Как в руках короля появился тонкий лист бумаги и перо? Как незаметно подложил он этот лист к жрецу, как сунул ему перо в руку?
-Что мне писать? – спросил смирившийся жрец.
-Имена, - просто ответил Мирас. – Первый в списке – барон Боде…
Если человеку постоянно причиняют боль, то он либо ломается, либо ожесточается, либо (что редко) может еще остаться прежним. Но Арахна больше не могла быть прежней. Сошлись ли так звёзды, или неожиданное предательство Мальта, его обвинения, истока которых Арахна не видела и не желала видеть, доломали ее доверие к миру и нежность души, но упав на софу в рыданиях самой собой, она поднялась уже совсем другим человеком.
Когда не было ещё смуты, когда заговорщики и перевороты были ещё где-то очень далеко и не существовали в её мире, Арахна имела спокойный взгляд на мир. В глазах её была леность и стабильность. Она знала, как начнётся и как закончится её день, знала, что если не внесёт она к нужному дню строки в отчёт Коллегии палачей, то получит выговор и считала дни до жалования, когда можно будет пойти с друзьями куда-нибудь недалеко, купить какой-нибудь дребедени и вдоволь насмеяться.

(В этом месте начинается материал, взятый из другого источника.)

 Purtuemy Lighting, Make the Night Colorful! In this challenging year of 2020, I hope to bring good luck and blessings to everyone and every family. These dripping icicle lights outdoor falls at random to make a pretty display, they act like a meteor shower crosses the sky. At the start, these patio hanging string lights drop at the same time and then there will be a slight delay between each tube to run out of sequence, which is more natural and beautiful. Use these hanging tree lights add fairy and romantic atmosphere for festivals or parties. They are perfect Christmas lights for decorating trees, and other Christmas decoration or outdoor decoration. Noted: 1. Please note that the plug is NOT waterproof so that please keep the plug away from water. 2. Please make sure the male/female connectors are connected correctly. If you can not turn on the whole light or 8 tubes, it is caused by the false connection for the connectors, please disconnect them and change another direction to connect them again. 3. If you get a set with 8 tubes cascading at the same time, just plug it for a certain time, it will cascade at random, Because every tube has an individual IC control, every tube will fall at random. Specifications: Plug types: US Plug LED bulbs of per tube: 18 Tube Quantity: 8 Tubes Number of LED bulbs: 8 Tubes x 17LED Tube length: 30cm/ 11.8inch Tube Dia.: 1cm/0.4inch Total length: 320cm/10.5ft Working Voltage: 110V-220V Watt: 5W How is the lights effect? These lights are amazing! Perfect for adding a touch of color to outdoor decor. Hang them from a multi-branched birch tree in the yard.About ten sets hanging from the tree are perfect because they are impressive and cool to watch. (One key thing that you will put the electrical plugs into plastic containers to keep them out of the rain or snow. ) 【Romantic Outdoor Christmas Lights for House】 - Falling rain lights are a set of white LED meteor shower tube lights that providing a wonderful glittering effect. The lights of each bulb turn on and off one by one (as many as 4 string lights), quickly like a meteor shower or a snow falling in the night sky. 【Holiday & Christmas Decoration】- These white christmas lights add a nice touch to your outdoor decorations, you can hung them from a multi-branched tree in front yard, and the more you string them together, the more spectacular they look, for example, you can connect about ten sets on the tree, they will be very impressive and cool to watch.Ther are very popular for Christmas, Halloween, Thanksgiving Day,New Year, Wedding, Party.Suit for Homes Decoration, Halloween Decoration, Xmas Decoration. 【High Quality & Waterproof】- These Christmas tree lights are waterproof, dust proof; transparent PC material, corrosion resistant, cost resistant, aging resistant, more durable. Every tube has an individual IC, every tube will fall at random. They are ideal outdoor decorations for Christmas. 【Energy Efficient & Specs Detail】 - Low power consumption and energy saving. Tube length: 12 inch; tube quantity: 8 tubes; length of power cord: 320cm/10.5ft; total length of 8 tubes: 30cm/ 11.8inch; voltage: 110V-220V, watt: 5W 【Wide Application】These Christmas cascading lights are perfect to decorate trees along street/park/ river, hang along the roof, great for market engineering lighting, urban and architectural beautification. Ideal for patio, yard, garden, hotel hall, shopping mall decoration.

Но вот оказалось, что заговорщики существуют и в очень короткий срок Арахна потеряла весь свой прежний мир, и, вступив в чужую для себя реальность, стала существом опустошённым. Во взгляде её пропала леность, остались лишь пустыня и затравленность.
Ей некуда было деться, и держалась она лишь поддержкой Мальта и Атенаис. Но Атенаис, предав, покончила с собой, трусливо сбежав и Мальт…
Теперь Арахну предал и Мальт.
Персиваль, глядя на её муки, не то, чтобы очень сочувствовал ей, как советнице – он помнил, в какие неприятности едва-едва не был втравлен сам из-за нее. Вернее, из-за её друга – ныне покойного – палача Лепена, влюблённого и ревнивого. Арахна не воспринимала его как мужчину, а он не желал этого понимать и, приревновав, попытался подставить палача из новичков…
А посоветовал ему это Персиваль, желая получить новое раскрытое дело о заговорщиках. Но сила обстоятельств сложилась иначе. Новичок-палач оказался не так прост и то ли случайно, то ли намеренно, не подставился, а приемный отец Арахны, наставник Регар и Глава Коллегии Палачей по совместительству, столкнувшись с уликой, которую должен был «обнаружить» Персиваль, испугался, решив, что это приведет к Арахне и взял, как считал, её вину на себя.
Персиваля спасло только то, что Лепен, не в силах переносить мучения Арахны, непонимающей, как и что произошло, открыл ей правду и не выдал Персиваля. Ну и то, что Арахна казнила и его и Регара за несколько часов до переворота, а дальше было не до этого. Но Персиваль знал, что и Мальт его подозревал, и в принципе, на первых шагах дело было страшным, ведь бывший дознаватель не предполагал ареста Главы Коллегии, он думал, что речь пойдет о новичке. А тут…скандал!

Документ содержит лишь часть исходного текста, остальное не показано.